Ye Wenbin, Liu Tao, Fu Hongjuan, Ye Congting, Ji Guoli, Wu Xiaohui
Department of Automation, Xiamen University, Xiamen 361005, China.
Key Laboratory of the Ministry of Education for Coastal and Wetland Ecosystems, College of the Environment and Ecology, Xiamen University, Xiamen 361102, China.
Bioinformatics. 2021 Aug 25;37(16):2470-2472. doi: 10.1093/bioinformatics/btaa997.

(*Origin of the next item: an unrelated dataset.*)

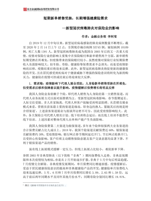 【东方金诚】【20200218】新型冠状病毒肺炎对保险业的影响:短期新单销售受挫,长期增强健康险需求-7页 行业研究

Alternative polyadenylation (APA) has been widely recognized as a widespread mechanism modulated dynamically. Studies based on 3' end sequencing and/or RNA-seq have profiled poly(A) sites in various species with diverse pipelines, yet no unified and easy-to-use toolkit is available for comprehensive APA analyses.

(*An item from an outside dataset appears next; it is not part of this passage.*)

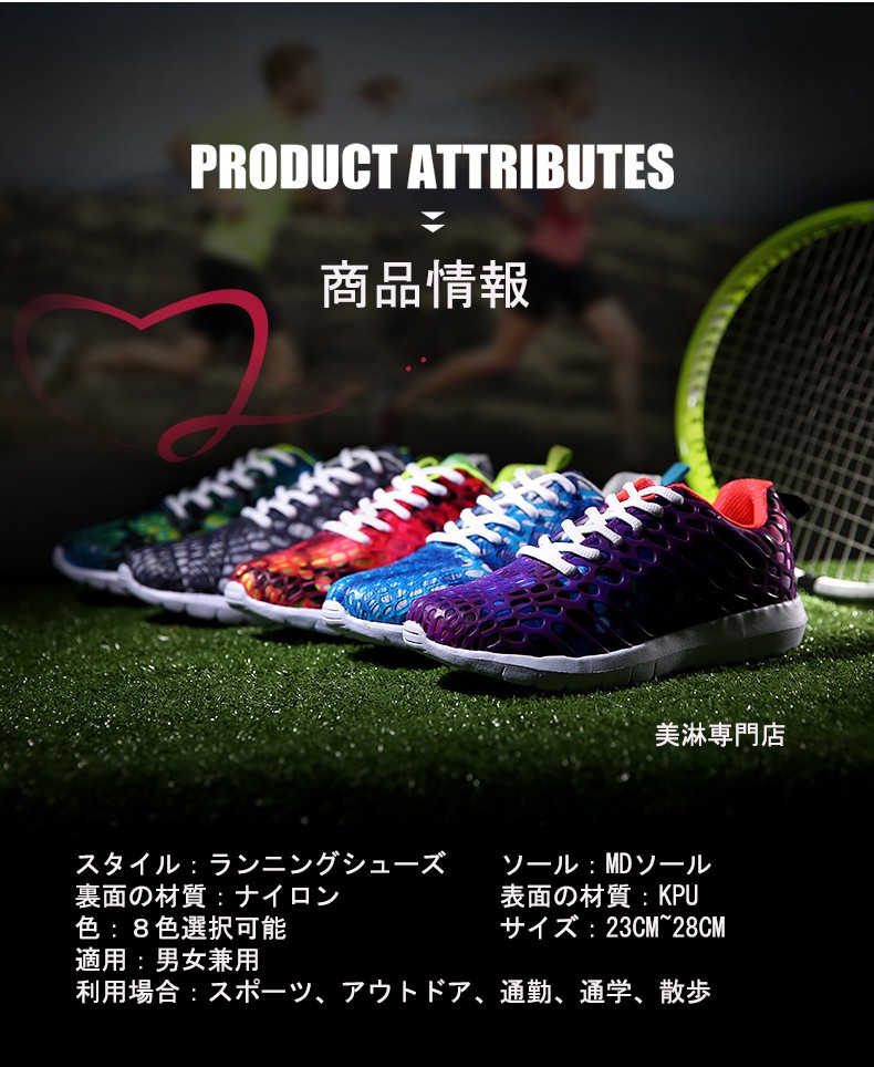 メイン素材: ポリエステル【高品質な材質】 表面素材:ポリエステル ソール:PUエアクッション 【軽量、通気性よい】軽量のソールとポリエステルの材質でスポーツシューズならではの軽さを実現し、通気性もよいです。どんな季節でも着用します。 軽量なので、ランニングや歩くや他の運動が易くになりました。 【男女兼用】カラフルな配色で、シューズがファッションになり、男性も女性も適用します。明るい色ので、着用した後、若くなりました。中学生などに通学靴としてもよい選択です。 恋人にも最適です! 【ソールが曲がる、耐滑】柔らかい材質で作って、ソールが曲がれるので、スムーズな足運びをサポートします。球技や他の運動にもスムーズになりました。 【利用場合】スポーツだけでなく、通勤や通学やアウトドア、普段履きとしても カジュアルなコーディネートをお楽しみい ただけます。

We developed an R package called movAPA for modeling and visualization of dynamics of alternative polyadenylation across biological samples. movAPA incorporates rich functions for preprocessing, annotation and statistical analyses of poly(A) sites, identification of poly(A) signals, profiling of APA dynamics and visualization. Particularly, seven metrics are provided for measuring the tissue-specificity or usages of APA sites across samples. Three methods are used for identifying 3' UTR shortening/lengthening events between conditions. APA site switching involving non-3' UTR polyadenylation can also be explored. Using poly(A) site data from rice and mouse sperm cells, we demonstrated the high scalability and flexibility of movAPA in profiling APA dynamics across tissues and single cells.
https://github.com/BMILAB/movAPA.
Supplementary data are available at Bioinformatics online.

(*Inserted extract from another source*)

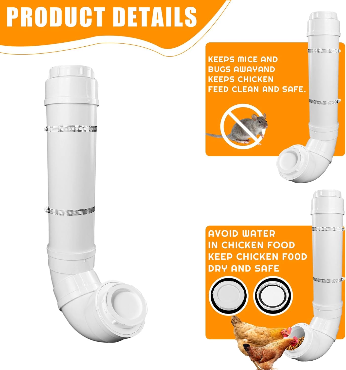 Our products are made of thick PVC pipe, which is very easy to install and use. The product comes with 2 LIDS, which can prevent rain from entering and small animals such as mice from eating chicken feed, and the 6.6-pound capacity allows you to avoid adding feed frequently. It’s your ideal automatic chicken feeder

可变聚腺苷酸化(APA)已被广泛认为是一种受到动态调控的普遍机制。基于3'端测序和/或RNA测序的研究已经使用各种流程对不同物种中的聚腺苷酸化位点进行了分析,然而目前还没有一个统一且易于使用的工具包可用于全面的APA分析。
我们开发了一个名为movAPA的R包,用于对生物样本间可变聚腺苷酸化的动态变化进行建模和可视化。movAPA包含了丰富的功能,用于聚腺苷酸化位点的预处理、注释和统计分析、聚腺苷酸化信号的识别、APA动态变化的分析以及可视化。特别地,提供了七个指标来衡量样本间APA位点的组织特异性或使用情况。使用三种方法来识别不同条件之间的3'UTR缩短/延长事件。还可以探索涉及非3'UTR聚腺苷酸化的APA位点切换。利用来自水稻和小鼠精子细胞的聚腺苷酸化位点数据,我们证明了movAPA在分析跨组织和单细胞的APA动态变化方面具有高扩展性和灵活性。
https://github.com/BMILAB/movAPA。
补充数据可在《生物信息学》在线获取。